U.S. Ambassador Poised to Leave For Romania: Hungarian American Coalition Attends Swearing in Ceremony

(Washington, D.C.) “The Romanian people have . . . the historic opportunity to achieve their aspirations. In that struggle, the United States is Romania’s friend and Romania’s partner,” said the Honorable James C. Rosapepe during his swearing in ceremony as U.S. Ambassador to Romania. The ceremony took place in the Benjamin Franklin Room of the State Department on January 20, 1998. Ambassador Rosapepe concluded his remarks by thanking, among others, “the many Americans of Romanian heritage, including those of ethnic and religious minorities, who have shared with me their insights, their concerns, and their hopes and their love for Romania.”

Along with his wife, Sheilah Kast, Ambassador Rosapepe then greeted every guest. Among the numerous attendees were government officials, including Under Secretary for Political Affairs Thomas R. Pickering, several former U.S. ambassadors to Romania (John Davis, David Funderburke, Roger Kirk, and Al Moses), Romanian Ambassador Mircea Dan Geoana, Ambassador Rosapepe’s family, friends and former colleagues from the Maryland legislature, members of the Romanian American community and a large number of Hungarian Americans, including representatives of the Hungarian American Coalition.

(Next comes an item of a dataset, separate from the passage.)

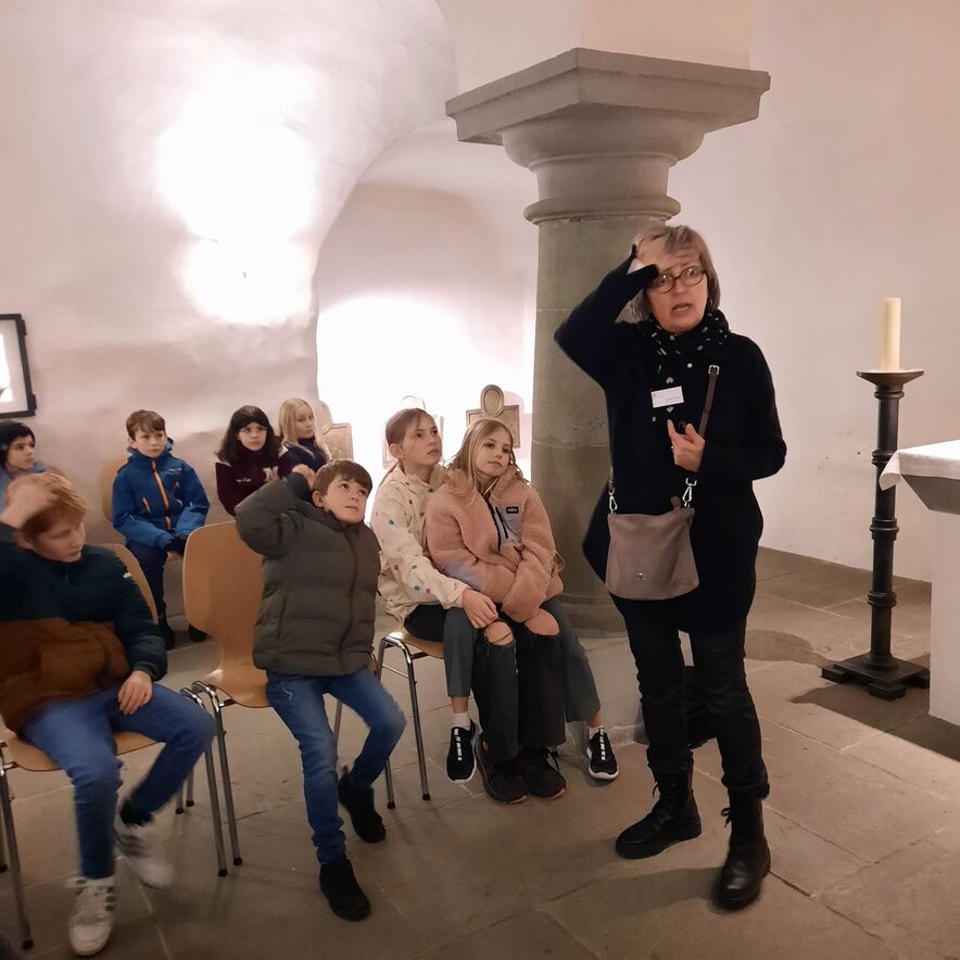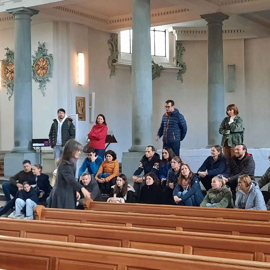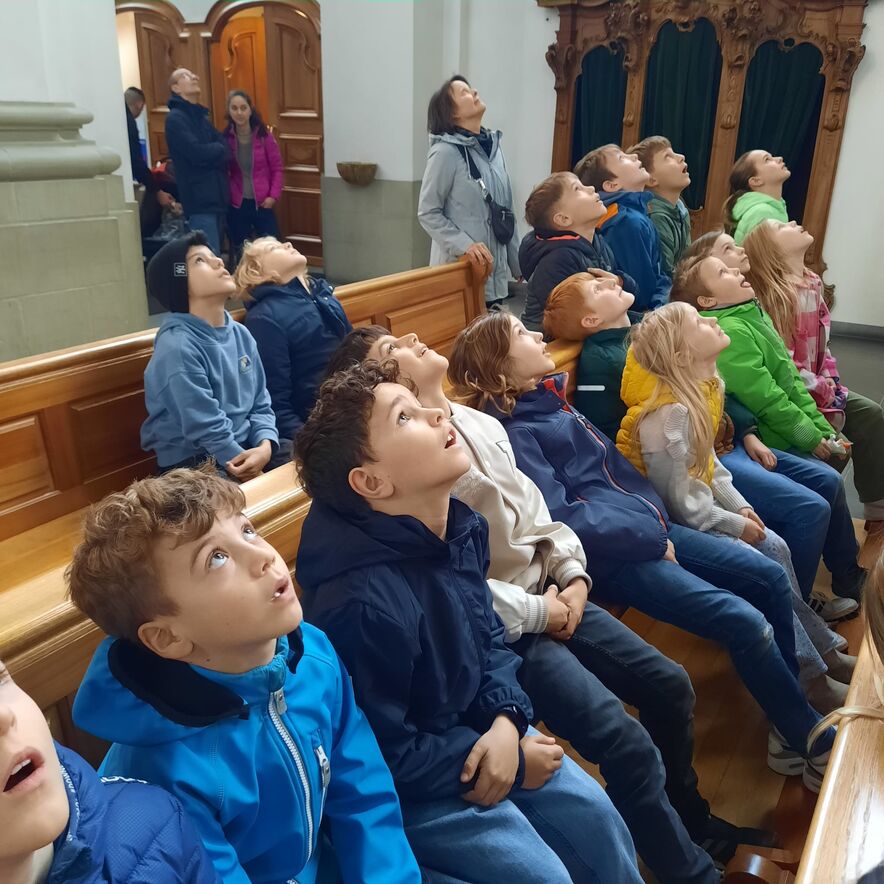 Am Samstag, 16. März haben sich 23 Erstkommunionkinder und ihre Familien, zusammen mit der Pfarreibeauftragten Brigitta Schmid Pfändler und der Katechetin Beatrice Bühler, zu einem interessanten Vorbereitungsmorgen getroffen. Begonnen haben sie bei einem gemeinsamen Einstieg und dem Singen der Lieder in der Kirche, worauf eine erste Gruppe mit dem Mesmer Anto Blazevic den Kirchturm erkundeten. Eine andere Gruppe hat die Geschichte : " Das Dunkle und das Helle" gehört und dann selber Bilder dazu gestaltet.

Ambassador Rosapepe had earlier met with the Coalition’s leadership, including the organization’s chairman, Imre Bertalan, and president, Edith K. Lauer, board members Laszlo Hamos, Frank Kapitan, Frank Koszorus, Jr., Andrew Ludanyi, and Peter S. Ujvagi and member Beata Kovacs Nas. During the two hour long meeting, the Coalition raised a host of issues beginning with a brief historical background of the Hungarian minority in Romania; the need for Romania to continue to democratize and grant ethnic Hungarians Western style minority rights such as cultural autonomy and local self-government; and the necessity for Romania to remove minority-related restrictions from the education law, return illegally confiscated church properties and stem anti-Hungarian propaganda.

“Ambassador Rosapepe demonstrated an in-depth knowledge of the vital issues affecting U.S./Romanian relations. He is eager to listen to ideas that transcend the conventional in the search for solutions to significant challenges. The United States is most fortunate to have Ambassador Rosapepe represent its foreign policy interests in Bucharest. We also hope that ethnic Hungarians will achieve their aspirations of being permitted to exercise the rights that have been long enjoyed by Western European minorities,” noted Coalition representatives after the meeting.

The Ambassador leaves for Bucharest to assume his new duties this week.